- Dataset extract -
* * * *

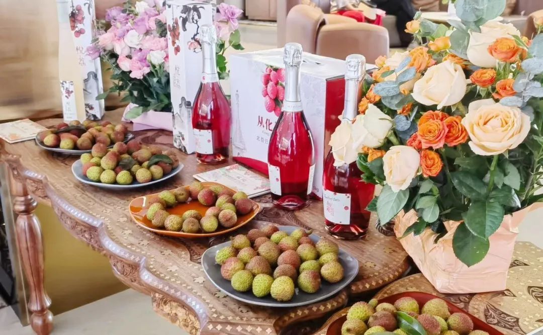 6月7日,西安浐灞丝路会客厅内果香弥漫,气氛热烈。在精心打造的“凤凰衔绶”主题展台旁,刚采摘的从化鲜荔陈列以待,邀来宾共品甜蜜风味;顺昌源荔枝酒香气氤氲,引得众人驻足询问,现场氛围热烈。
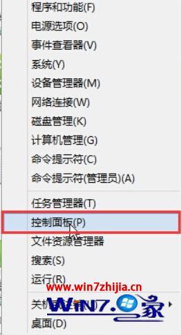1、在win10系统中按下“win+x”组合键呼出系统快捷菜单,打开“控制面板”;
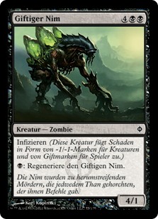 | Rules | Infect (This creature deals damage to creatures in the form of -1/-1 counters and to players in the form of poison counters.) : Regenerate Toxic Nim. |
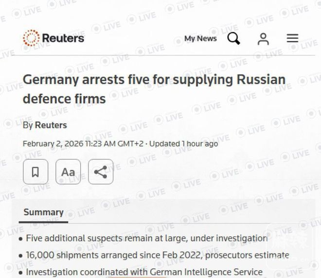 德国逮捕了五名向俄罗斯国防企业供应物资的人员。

* * * *

- Exercise aim -
A faithful copy of the data is required: each word kept, each picture omitted.

- Solved exercise -
 6月7日,西安浐灞丝路会客厅内果香弥漫,气氛热烈。在精心打造的“凤凰衔绶”主题展台旁,刚采摘的从化鲜荔陈列以待,邀来宾共品甜蜜风味;顺昌源荔枝酒香气氤氲,引得众人驻足询问,现场氛围热烈。
1、在win10系统中按下“win+x”组合键呼出系统快捷菜单,打开“控制面板”;
 | Rules | Infect (This creature deals damage to creatures in the form of -1/-1 counters and to players in the form of poison counters.) : Regenerate Toxic Nim. |
 德国逮捕了五名向俄罗斯国防企业供应物资的人员。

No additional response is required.